> [Supplied records]
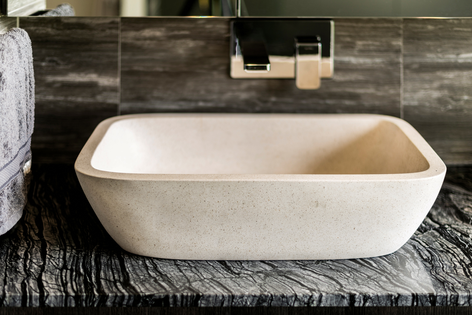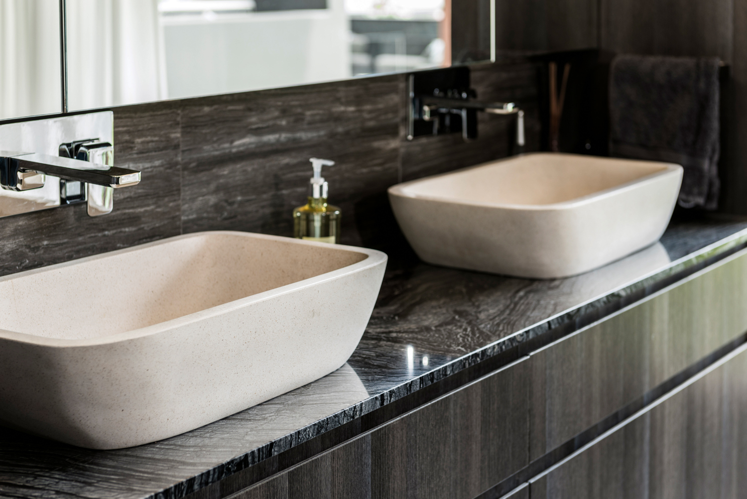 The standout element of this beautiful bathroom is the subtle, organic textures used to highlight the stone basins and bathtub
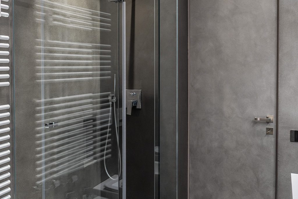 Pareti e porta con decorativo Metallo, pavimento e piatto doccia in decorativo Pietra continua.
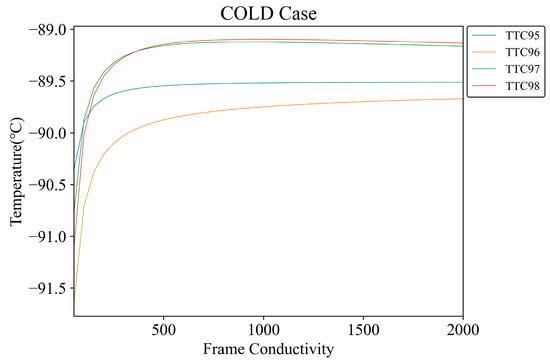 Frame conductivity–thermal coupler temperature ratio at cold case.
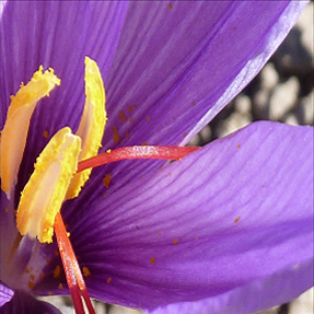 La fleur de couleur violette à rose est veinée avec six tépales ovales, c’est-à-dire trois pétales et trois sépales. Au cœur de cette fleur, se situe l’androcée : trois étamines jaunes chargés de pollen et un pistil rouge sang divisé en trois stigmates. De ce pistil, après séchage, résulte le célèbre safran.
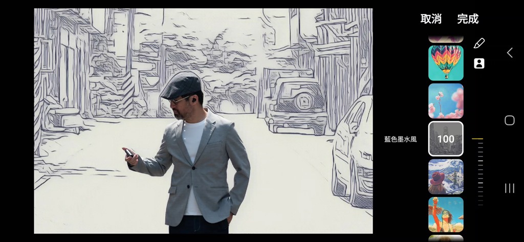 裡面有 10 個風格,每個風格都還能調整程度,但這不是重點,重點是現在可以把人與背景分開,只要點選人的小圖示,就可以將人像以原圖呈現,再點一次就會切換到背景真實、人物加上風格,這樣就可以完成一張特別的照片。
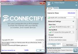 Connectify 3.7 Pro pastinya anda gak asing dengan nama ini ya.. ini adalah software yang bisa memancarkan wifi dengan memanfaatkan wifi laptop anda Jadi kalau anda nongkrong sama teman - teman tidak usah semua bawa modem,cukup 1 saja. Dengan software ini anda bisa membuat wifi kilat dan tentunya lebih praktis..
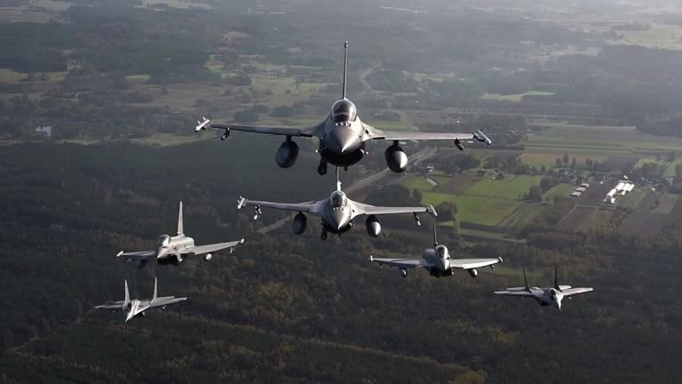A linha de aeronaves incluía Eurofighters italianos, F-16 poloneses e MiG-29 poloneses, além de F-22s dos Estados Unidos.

> [What to do]
The listing should be transcribed in full, exactly, and without its pictures.

> [Answer to this problem]
 The standout element of this beautiful bathroom is the subtle, organic textures used to highlight the stone basins and bathtub
 Pareti e porta con decorativo Metallo, pavimento e piatto doccia in decorativo Pietra continua.
 Frame conductivity–thermal coupler temperature ratio at cold case.
 La fleur de couleur violette à rose est veinée avec six tépales ovales, c’est-à-dire trois pétales et trois sépales. Au cœur de cette fleur, se situe l’androcée : trois étamines jaunes chargés de pollen et un pistil rouge sang divisé en trois stigmates. De ce pistil, après séchage, résulte le célèbre safran.
 裡面有 10 個風格,每個風格都還能調整程度,但這不是重點,重點是現在可以把人與背景分開,只要點選人的小圖示,就可以將人像以原圖呈現,再點一次就會切換到背景真實、人物加上風格,這樣就可以完成一張特別的照片。
 Connectify 3.7 Pro pastinya anda gak asing dengan nama ini ya.. ini adalah software yang bisa memancarkan wifi dengan memanfaatkan wifi laptop anda Jadi kalau anda nongkrong sama teman - teman tidak usah semua bawa modem,cukup 1 saja. Dengan software ini anda bisa membuat wifi kilat dan tentunya lebih praktis..
A linha de aeronaves incluía Eurofighters italianos, F-16 poloneses e MiG-29 poloneses, além de F-22s dos Estados Unidos.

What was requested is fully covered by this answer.